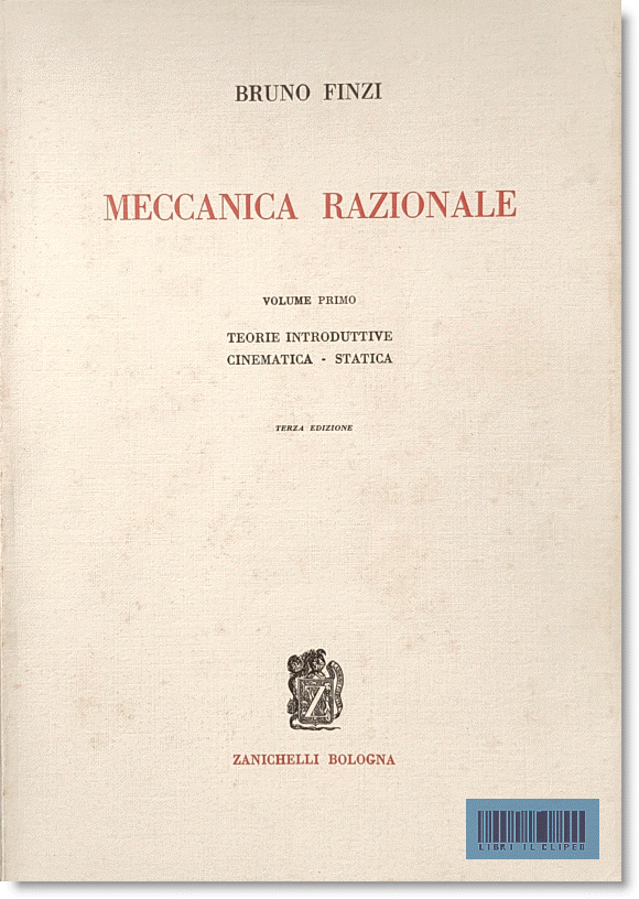 ![]() Bruno Finzi. MECCANICA RAZIONALE: VOLUME PRIMO: TEORIE INTRODUTTIVE, CINEMATICA, STATICA. Terza edizione. Bologna, Zanichelli, gennaio 1991. xvi-380 p., 17x24 cm. Br. ed. a colori. Ottimo stato. EUR 20,00 » Prenota |
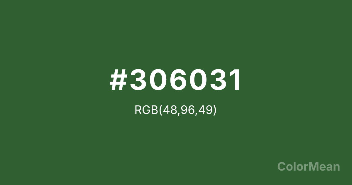 #306031 RGB value is (48, 96, 49). The hex color red value is 48, green is 96, and blue is 49. Its HSL format shows a hue of 121°, saturation of 33 percent, and lightness of 28 percent. The CMYK process values are 50 percent, 0 percent, 49 percent, 62 percent.
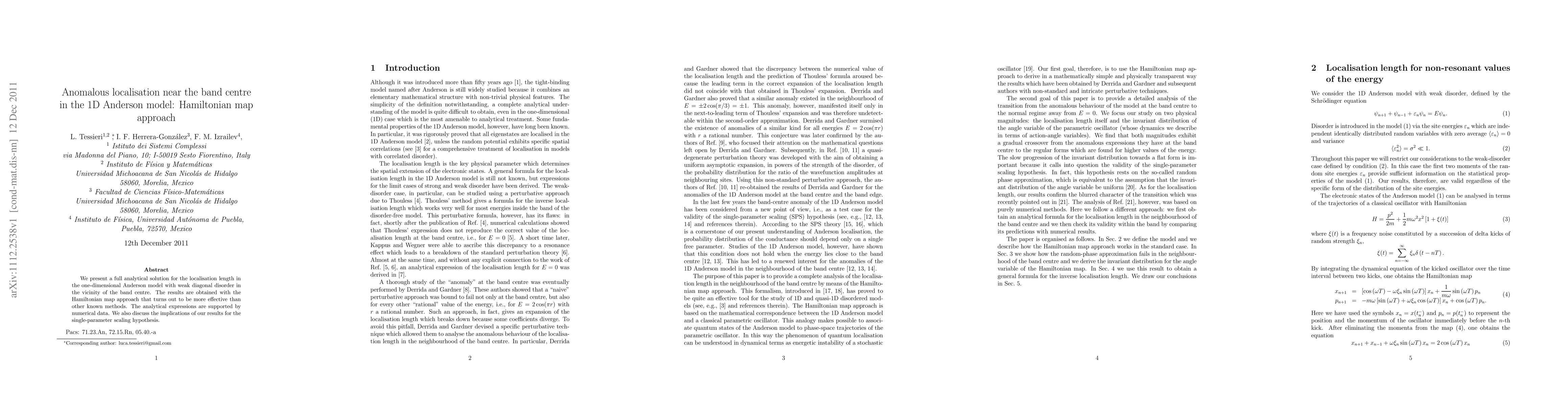 This paper provides an analytical solution for the localisation length in the 1D Anderson model near the band centre using the Hamiltonian map approach, demonstrating its effectiveness over other methods. The findings challenge the single-parameter scaling hypothesis.

Task brief – Please restate the material word for word; the pictures stay out.

Response area –
 ![]() Bruno Finzi. MECCANICA RAZIONALE: VOLUME PRIMO: TEORIE INTRODUTTIVE, CINEMATICA, STATICA. Terza edizione. Bologna, Zanichelli, gennaio 1991. xvi-380 p., 17x24 cm. Br. ed. a colori. Ottimo stato. EUR 20,00 » Prenota |
 #306031 RGB value is (48, 96, 49). The hex color red value is 48, green is 96, and blue is 49. Its HSL format shows a hue of 121°, saturation of 33 percent, and lightness of 28 percent. The CMYK process values are 50 percent, 0 percent, 49 percent, 62 percent.
 This paper provides an analytical solution for the localisation length in the 1D Anderson model near the band centre using the Hamiltonian map approach, demonstrating its effectiveness over other methods. The findings challenge the single-parameter scaling hypothesis.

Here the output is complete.